Multi-Swing Transient Stability of Synchronous Generators and IBR Combined Generation Systems

TL;DR

This paper reveals that low voltage ride-through and recovery controls in inverter-based resources can cause multi-swing transient instability in synchronous generators, challenging traditional views focused solely on first-swing instability.

Contribution

It introduces a new perspective on transient stability, highlighting the role of inverter-based resources in multi-swing instability through theoretical and simulation analysis.

Findings

Decelerating energy accumulation can lead to multi-swing instability.

Inverter controls influence the energy dynamics during faults.

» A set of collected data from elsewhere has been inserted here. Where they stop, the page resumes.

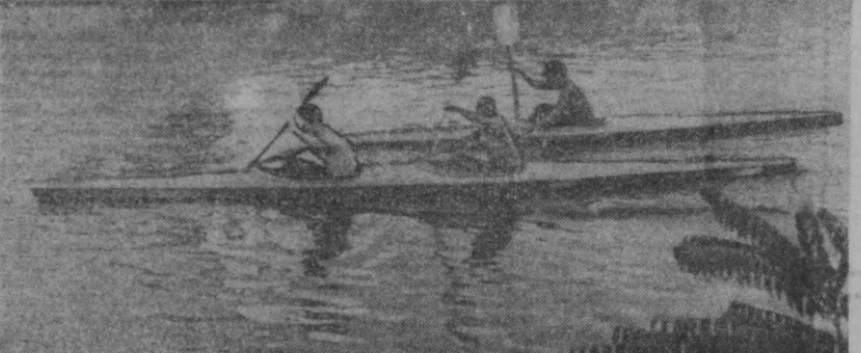
СУРАТДА: шахар сув спорт секциясининг спортчилари анҳорда машғулот ўтказмоқда.
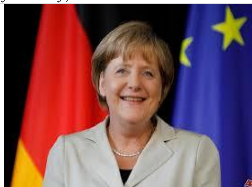
Angela Merkel ドイツ首相
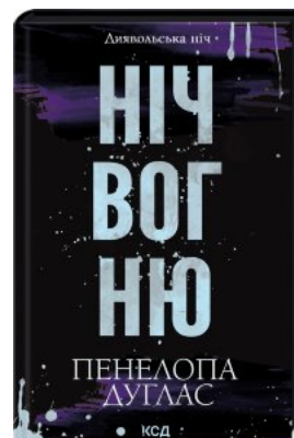
Ніч вогню. Книга 4.5
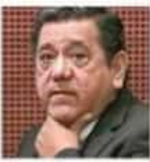
Félix Salgado Macedonio @fmsalgado 20:00:00 ¡Ánimo compañeras y compañeros! ¡Hay Toro!
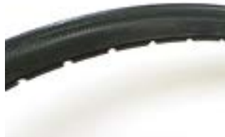
// LEC070102 Bereifung, pannensicher
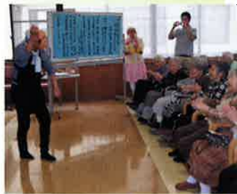
ボランティアの踊り
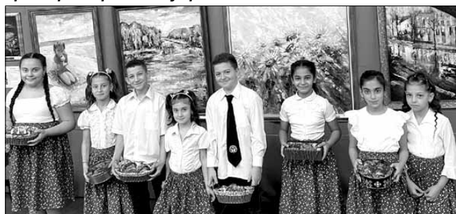
Az Iskolagaléria megnyitójának a gyerekek is résztvevői
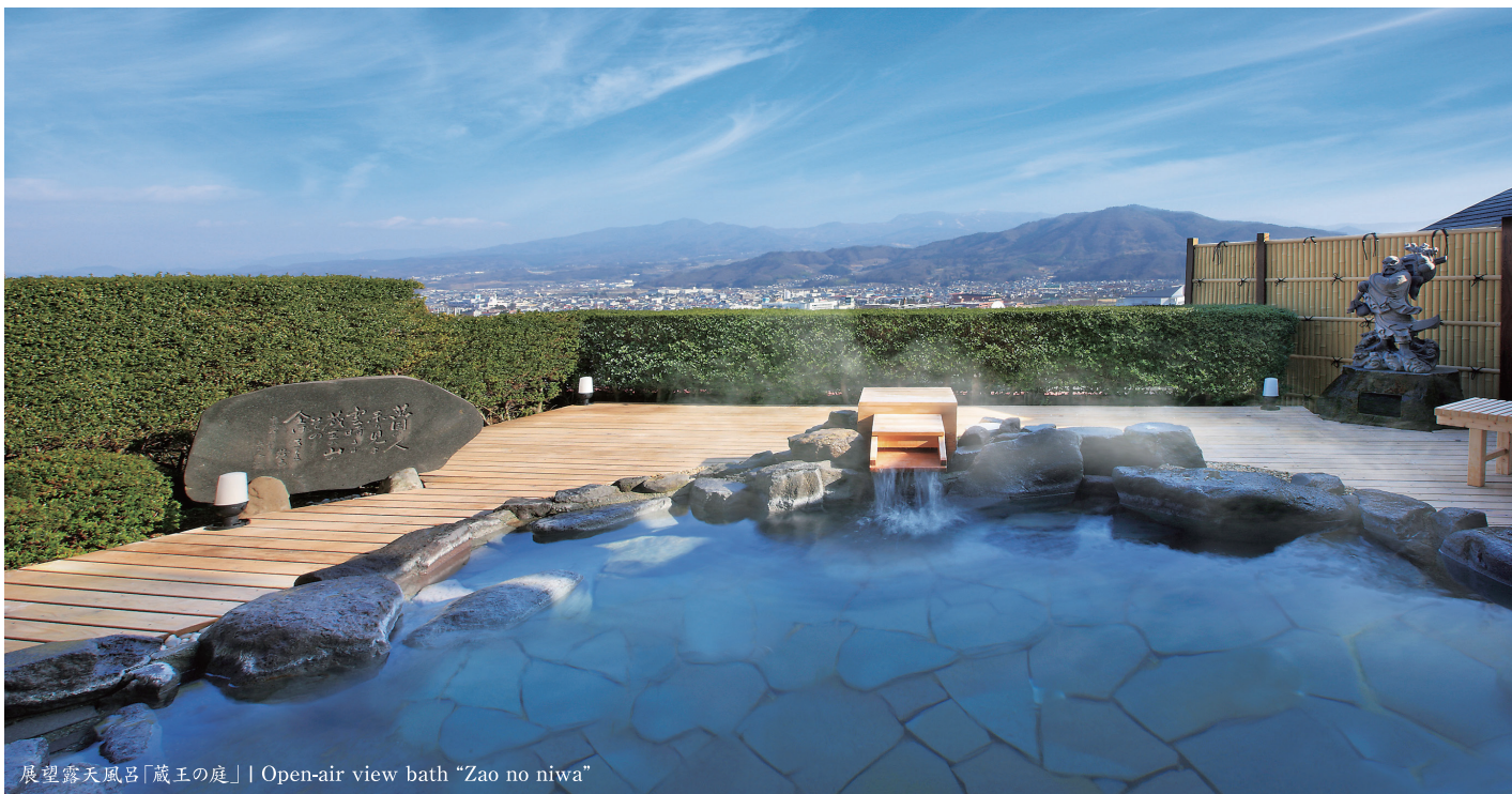
展望露天風呂「蔵王の庭」| Open-air view bath "Zao no niwa"
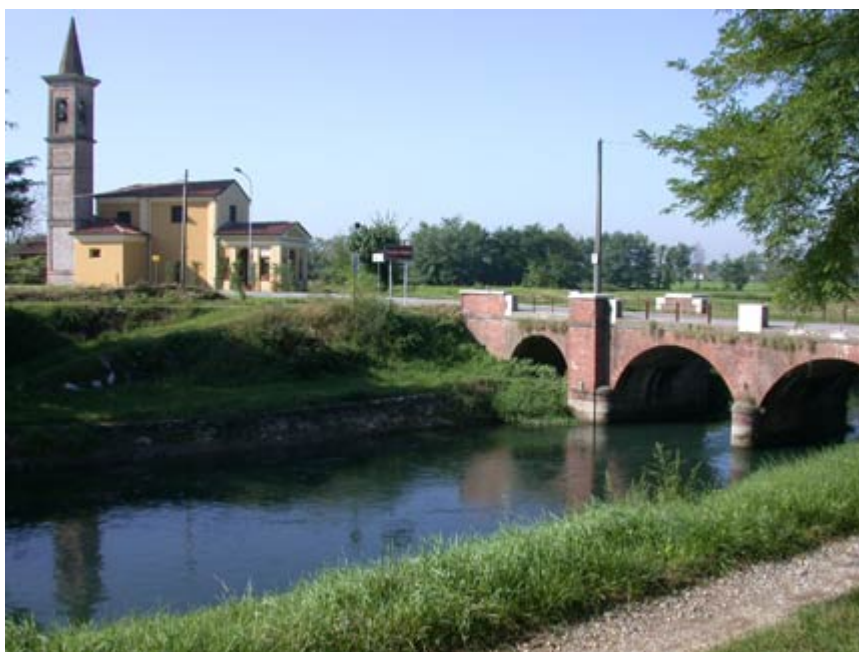
Il canale Pietro Vacchelli a Palazzo Pignano costeggia la chiesetta della Madonna delle Asse

Ritornando al Vacchelli, poco dopo il ponte da cui ci siamo staccati incontriamo altri due sottopassi, a servizio rispettivamente delle rogge Migliavacca e Benzona, derivazioni del Tormo. Indi proseguiamo dritti, finché una dolce curva verso destra ci porta al ponte della strada Monte-Palazzo, dove ci accoglie il piccolo santuario della Madonna delle Asse, dove è consigliabile fare una breve visita e godere della sua quiete.
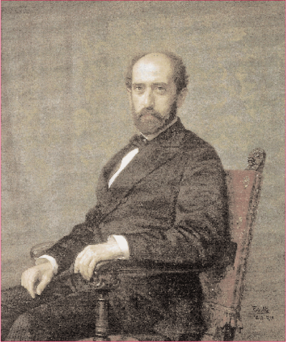
Nicolás Salmerón, por Federico de Madrazo.

[...] y que en la educación de todos se cumpla aquella finalidad sin la cual es imposible la integridad de la persona humana [...].
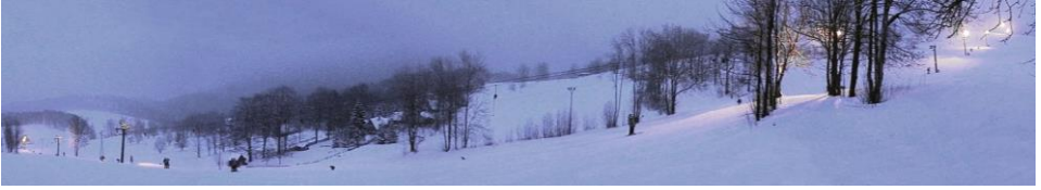
Večerní lyžování na Mezičkách pod Tolštejnem

kvalita sněhu na tom neměla žádný podíl. Učineným fantomem sjezdovky byl Kosmas řítící se z kopce s široce roztaženými rukama i nohama. Konkurence ale byla vysoká. Krtkovi se podařilo za jízdy sejmout Slona, když mu přejel přes špičky lyží. Ještě že na sjezdovce nebylo příliš mnoho lyžařů.
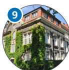
Edmund-Siemers-Allee 1 ESA Flügelbau Ost
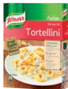
Knorr Tortellini med tomat/örtfyllning

Art nr: 311267, 1 x 5 kg UHM 10887, GMO fri vara UHM 10886, Spjutspets, Certifierad palmolja
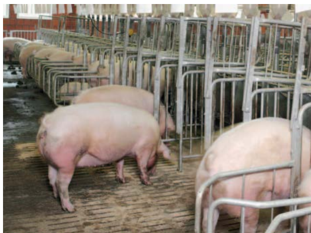
Slika 15. Grupno držanje sa pojedinačnim uklještenjem

Izvor: ( https://cdn.bigdutchman.hr/fileadmin/content/pig/products/hr/Svinjogojstvo-Drzanje-krmaca-Big-Dutchman-hr.pdf ) 02.07.2017.
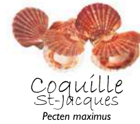
Coquille St-Jacques Pecten maximus
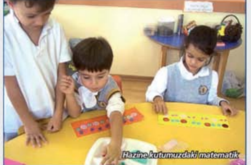
Hazine kutumuzdaki matematik
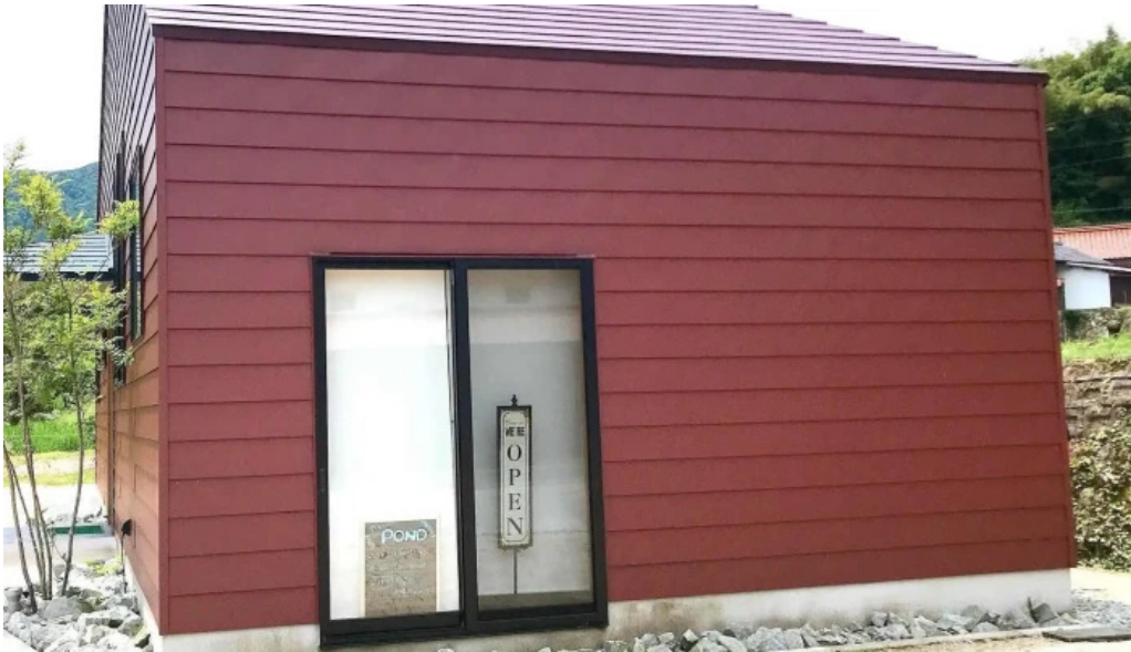
ダイニング pond comentario 9
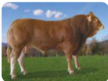
Limousina: EPSILON / MANSO / NAIME
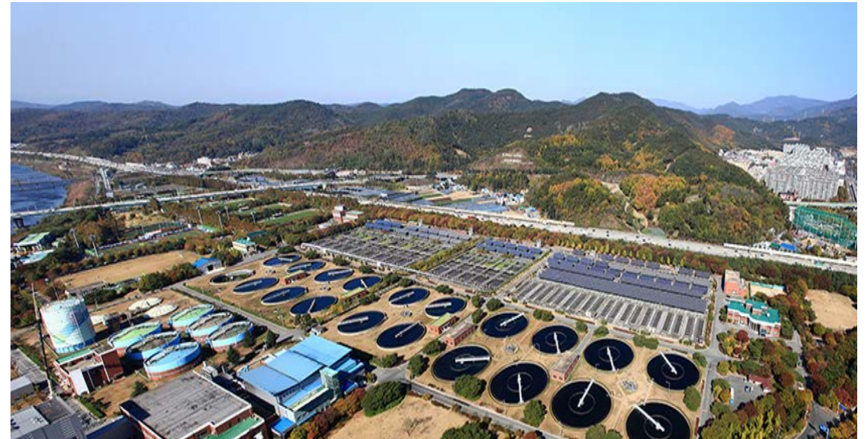
신천하수처리장 위치: 대구광역시 북구 서변동 / 발주처: 대구광역시 건설본부 / 공사기간: 2011.02~2012.08

성서자원회수시설 개체사업 / 국가산단 오수·폐수처리장 / 신천하수처리장 / 테크노폴리스 폐수종말처리장 / 대명하수처리형시설 / 등
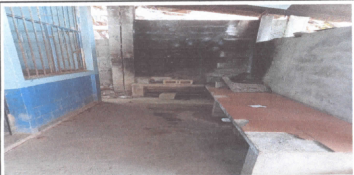
FOTO 5: SUSTITUCION DE ESTUFA RURAL (COMPLETA) incluye chimenea y plancha de metal.

Observación: Si es necesario se pueden agregar hojas adicionales y actualizar el número de hojas.
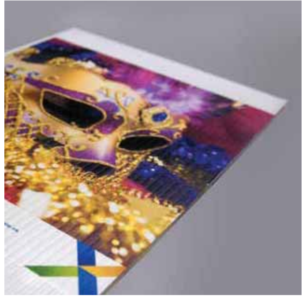
Coroplast / 플라스틱 골판지
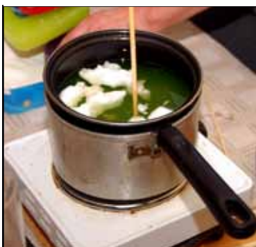
▲ Parafīna kausēšana sveču liešanai.
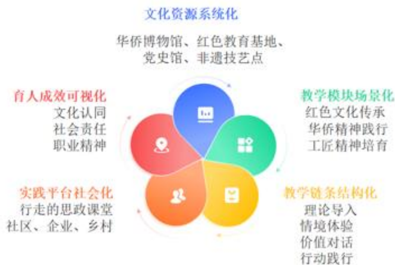
图2:地方文化嵌入式五环协同育人模型

动中凝聚共识，在志愿行动中落实于行。依托“行走的思政课堂”机制，将课堂延伸到社区、企业与乡村一线，学生担任“红色讲解员”“华侨文化宣讲员”“乡村研学小讲师”，在真实社会情境中传播理论、服务基层，厚植文化自信与家国情怀，增强学生对中国特色社会主义的政治认同、思想认同、情感认同。
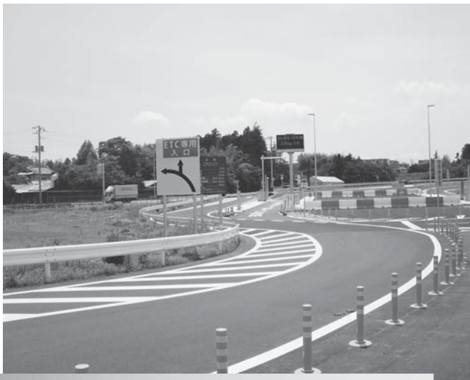
▶石岡小美玉スマートインター

沿道の利用、地域住民の住環境さらにはそれぞれの都市の整備の必要性もあるので、関係部署との協議も十分していく。また、少子化対策、人口減少の話でもあるので、こういうものを起爆剤にして総合計画に基づいてまちづくりを推進する。

Simulation confirms the theoretical analysis of multi-swing phenomena.

Abstract

In traditional views, the build-up of accelerating energy during faults can cause the well-known first-swing angle instability in synchronous generators (SGs). Interestingly, this letter presents a new insight that the accumulation of decelerating energy due to the low voltage ride-through (LVRT) and recovery control of grid-following inverter-based resources (GFL-IBRs), might also result in transient angle instability in SGs. The transient energy accumulated during angle-decreasing swing transforms into the acceleration energy of the subsequent swing, hence such phenomena often manifest as multi-swing instability. Both theoretical analysis and simulation support these findings.